Pimenta berry, better known as "**Allspice**", is a popular household spice, and the layman who is familiar with the odor of all-spice would certainly recognize this odor in pimenta berry oil. The leaf oil, however, would not be identified as "allspice" by the average housewife or cook.
This is the same situation as the one we find with clove bud oil versus clove leaf oil or with cinnamon bark oil and cinnamon leaf oil. It is interesting to see that a layman, familiar with a certain product through the frequent use of it, is often better qualified than a perfumer (who may not have been brought up with the true botanical spice in his everyday food or delicacies, etc.) when it comes to discrimination between two closely related essential oils or products.

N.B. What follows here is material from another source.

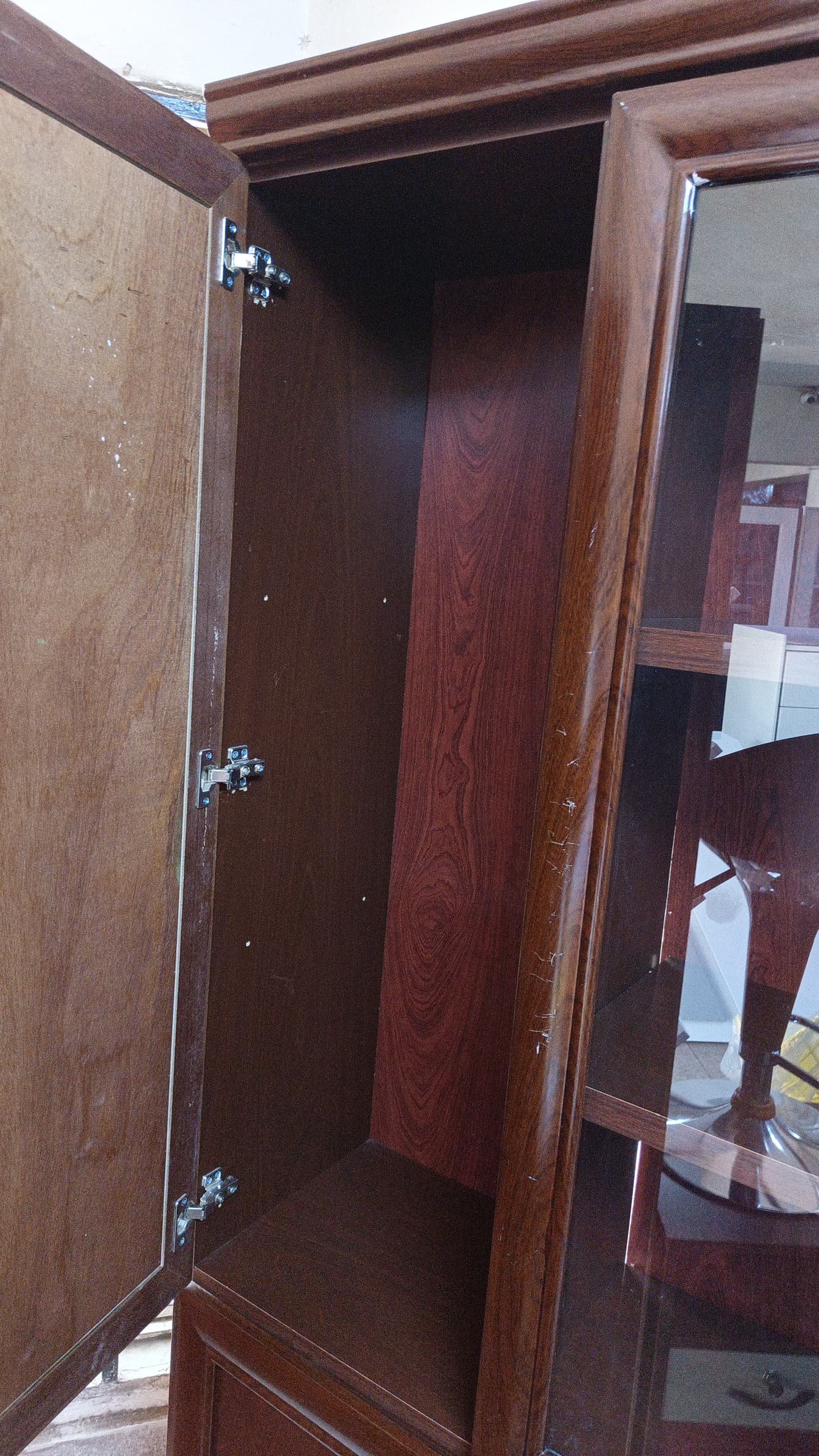 Its glossy red-brown veneer finish radiates warmth and sophistication, making it a standout piece for both home and office settings.

**Pimenta Berry Oil **is steam distilled from dried, crushed, fully grown, but unripe fruits of the West Indian tree, **Pimenta Officinalis**. Certain manufacturers insist on water distillation, and there is reason to believe that this type of distillation yields a superior quality of oil. The tree is a native of the West Indies, and grows wild abundantly on many of the islands, particularly Jamaica. In Guatemala, Venezuela, Honduras and Trinidad, various related species of the tree also grow, and they yield slightly different essential oils. Oils from Jamaican fruits are generally preferred by the flavor houses and most perfume houses.
Distillation takes place on a wide scale in Europe and the U. S. A. from imported berries and in modern stills. There are a few European houses who specialize in this oil and other spice oils, all of which call for a good deal of experience and skill in the field of distillation technique.

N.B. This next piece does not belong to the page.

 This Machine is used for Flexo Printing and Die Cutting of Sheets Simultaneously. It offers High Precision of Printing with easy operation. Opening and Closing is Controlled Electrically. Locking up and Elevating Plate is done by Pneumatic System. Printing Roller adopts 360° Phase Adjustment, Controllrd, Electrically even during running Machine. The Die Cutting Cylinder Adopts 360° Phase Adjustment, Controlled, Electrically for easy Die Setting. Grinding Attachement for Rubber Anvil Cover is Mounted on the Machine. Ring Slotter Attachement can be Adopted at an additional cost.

**Pimenta**** ****Berry**** ****Oil**** **is a pale yellow liquid with a warm-spicy, sweet odor, presenting a peculiar, but fresh and clean topnote and a long-lasting, sweet, balsamic-spicy bodynote with a tea-like undertone. There is a certain resemblance to clove bud oil in the slightly sour-fresh, fruity topnote. Any dryness in the odor, any lack of sweet freshness and dullness of the dryout, should arouse the suspicion of the evaluator.

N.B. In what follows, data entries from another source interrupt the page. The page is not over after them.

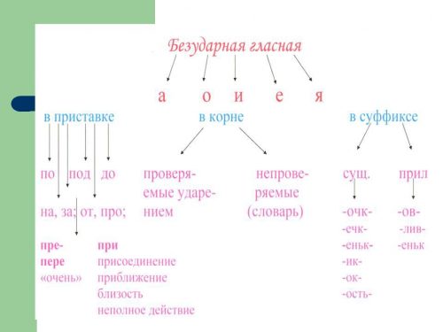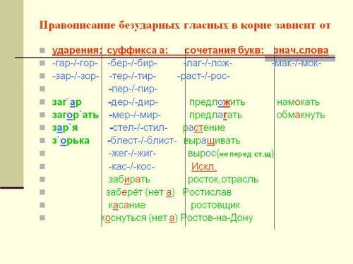 - Гласный звук в середине слова после ударения имеет аналогичное свойство: сльн[А/О]е, красв[О/А].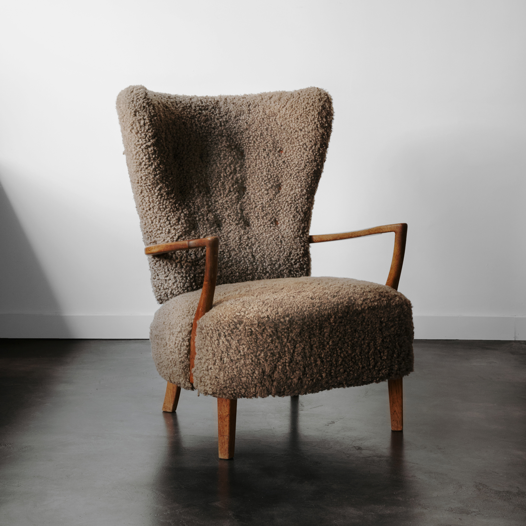 Vintage Gray Sheepskin Teddy Chair – High Back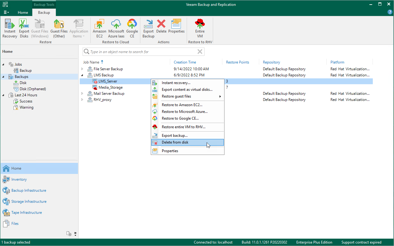 - In the working area, expand the job that created the backup, right-click the VM name and select Delete from disk.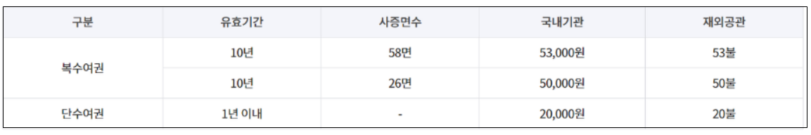 여권 발급 비용은 종류와 유효 기간에 따라 다르며, 예를 들어 복수여권의 경우 유효 기간이 10년이고 26면 사용 시 50,000원의 수수료가 부과됩니다.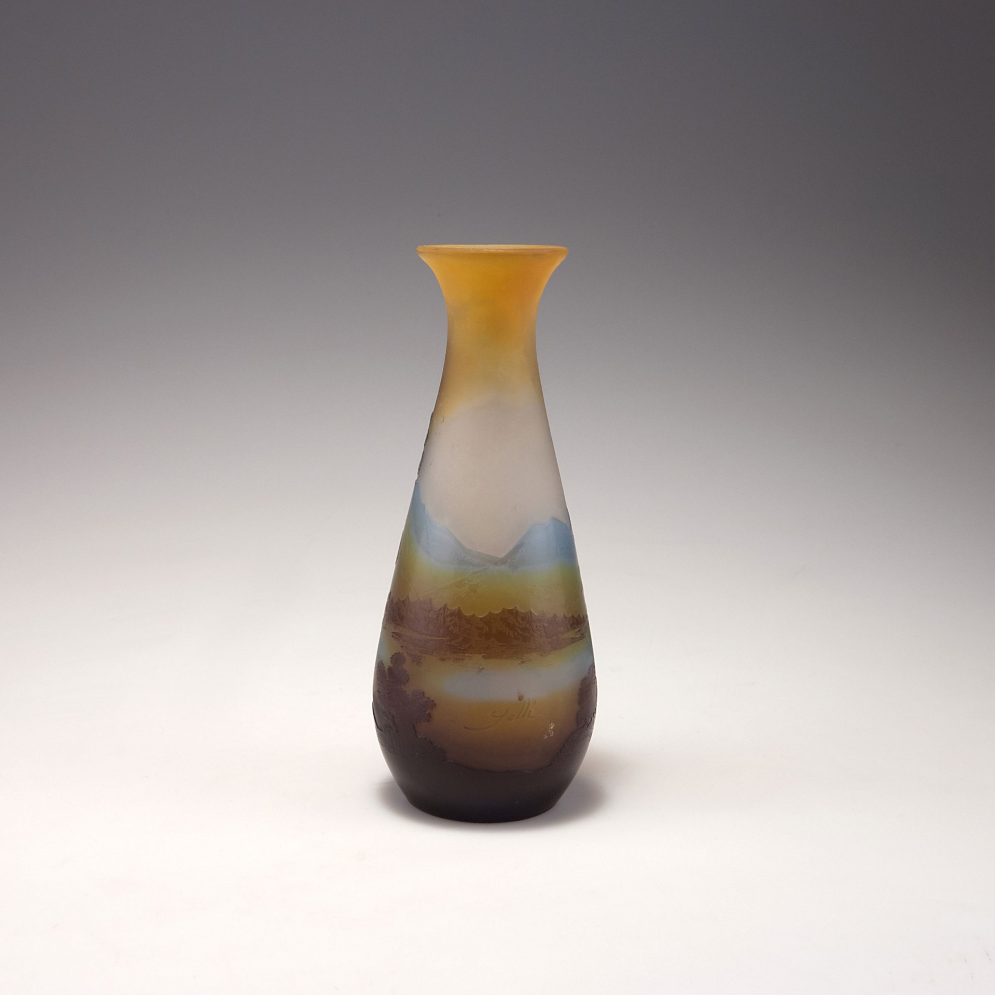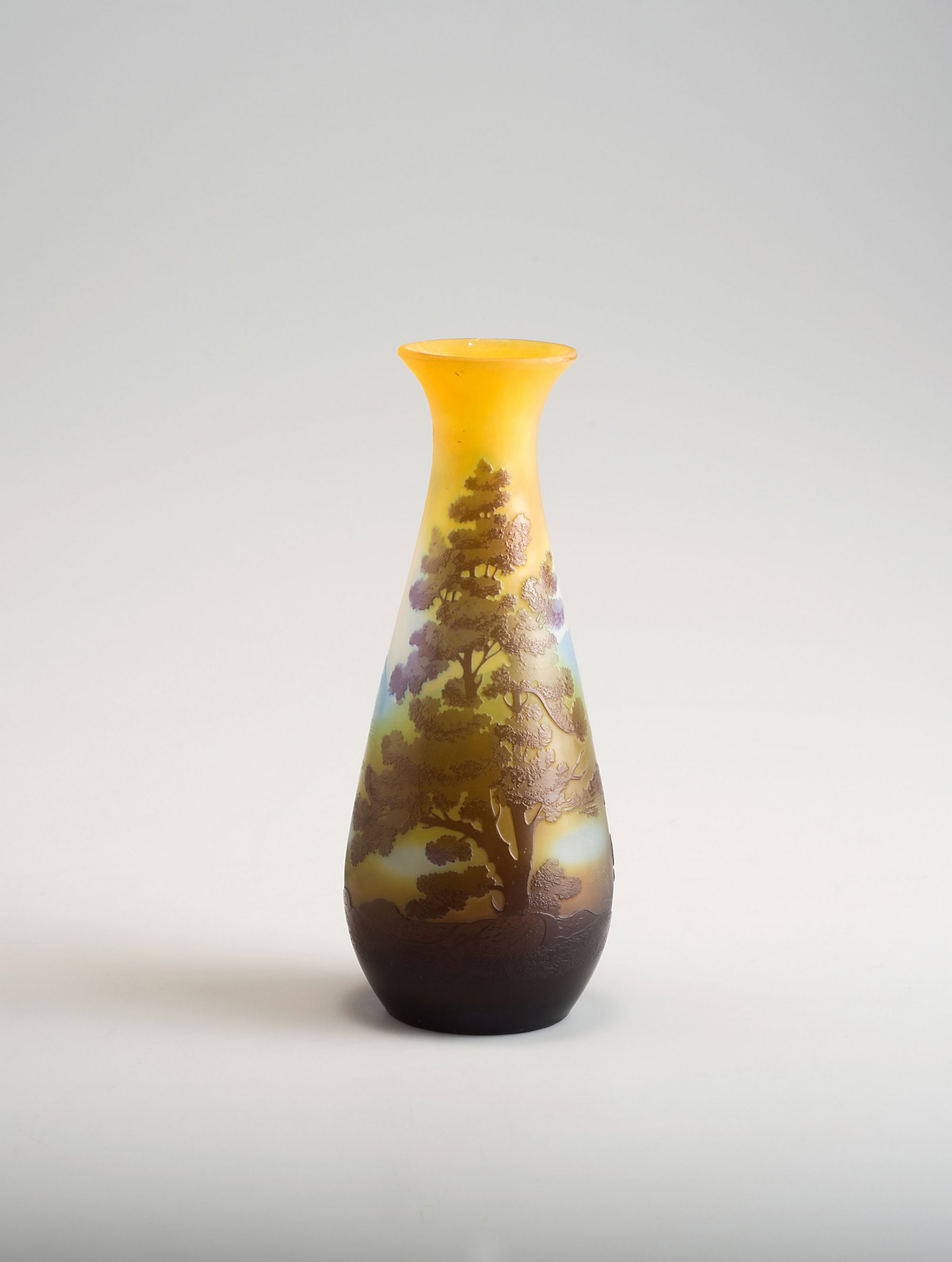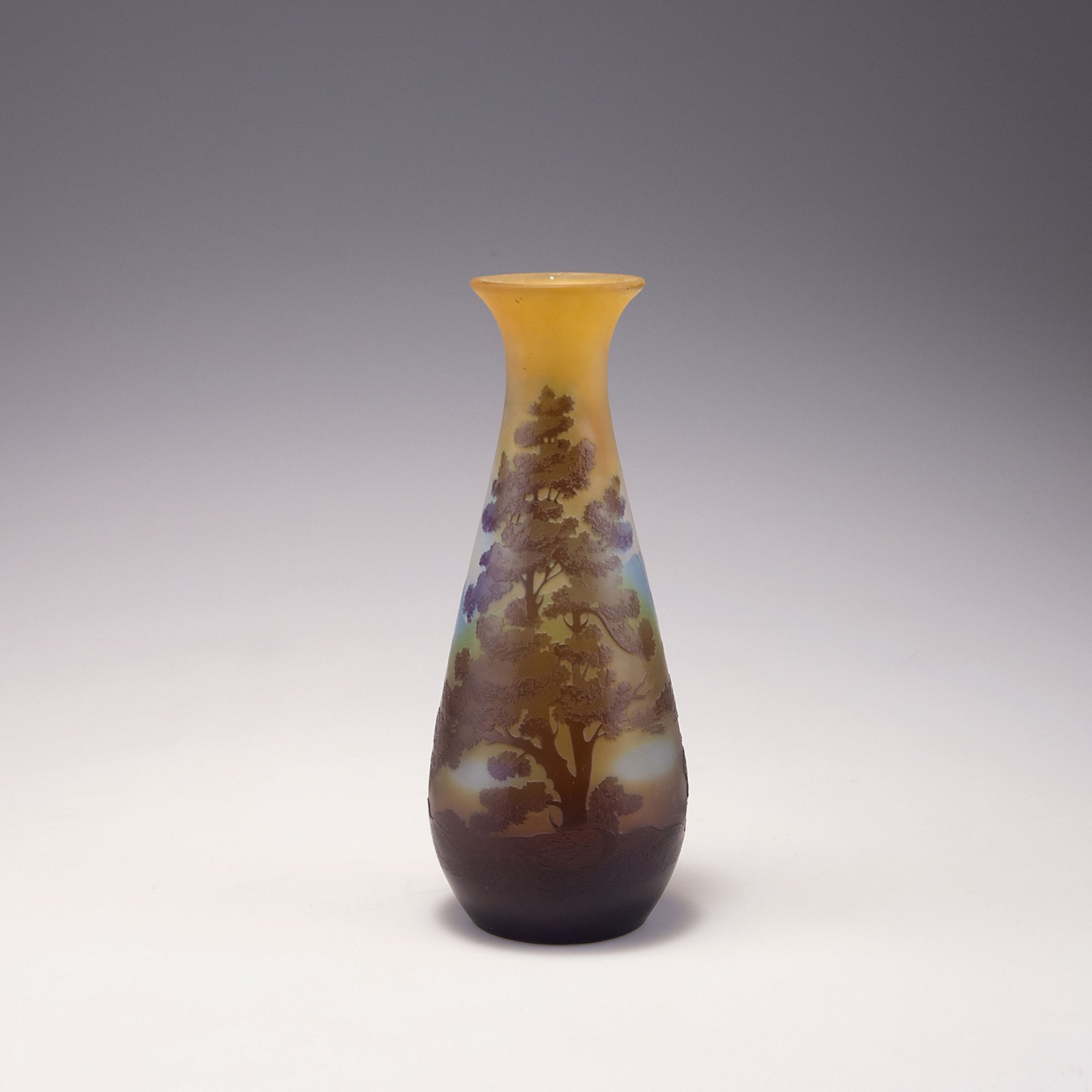 Emile Gallé, Nancy. Vase with Vosges landscape, c1910. H. 19.7 cm. Cased glass, clear, yellow, blue and brown. Multiply etched pattern with pines and a lake. Signed: Gallé.

The flavor of pimenta berry oil is equally warm, sweet, not burning, slightly peppery, but not dry. The odor of the air over the liquid flavored with pimenta berry oil is initially light and fresh. This is typical of the berry oil. For this reason, the oil is used extensively in fruit flavors of the "heavier" type, e.g. plum, blackcurrant, pineapple, cherry, etc. The main use, however, is in food products such as meat sauces, spice blends for pickles, sausages, etc. The suggested use level would be about 0.50 to 1.50 mg% with wide variations from these figures according to the type of product in which the oil is incorporated (acids, vinegar, sweet sauces, canned food with little juice, etc.). The Minimum Perceptible is about 0.25 to 0.50 mg% for a good grade pimenta berry oil. It appears from these figures that the oil is not a very powerful flavor material. Besides, these figures were established as a threshold for the concentration at which pimenta berry oil could still be distinguished from clove bud oil. Upon further dilution, it was no longer possible to distinguish accurately between the two oils.
In perfumery, the role of pimenta berry oil is limited to that of a modifier in the modern "spicy" types of "men's fragrance", fougère, after-shave, etc. and occasionally as a "special note" of warm and sweet-spicy character, e.g. in chypre, Oriental bases, etc. It blends excellently with ginger oil, geranium, geraniol, nerol, neryl acetate, lavender, amyl salicylate, opopanax, labdanum products, isoeugenol, ylang-ylang, methyl cinnamic aIdehyde, methyl ionones, patchouli, orris products, etc.
**Pimenta Berry Oil **is unfortunately very often adulterated with pimenta leaf oil (see monograph), or clove leaf oil, clove stem oil, fractions from the isolation of eugenol, from redistilled eugenol, etc. Eugenol is the main constituent of pimenta berry oil. Among the more
typical components are methyl eugenol, cineole and phellandrene, all of which are available as partially synthetic or isolated, low-cost materials. Caryophyllene is present in pimenta berry oil, but may not be a constituent of the fruit itself (see **Oleoresin **of **Pimenta Berry**, next monograph). Water-distilled pimenta berry oils contain less caryophyllene than do the steam distilled oils.
**Pimenta Berry Oil **is produced in quite sizeable amounts, and it is estimated that the total world production exceeds 100 metric tons per year. Exact figures are hard to establish since significant quantities of Leaf oil come on the market and are sold by the same houses which sell the fruit (berry) oil.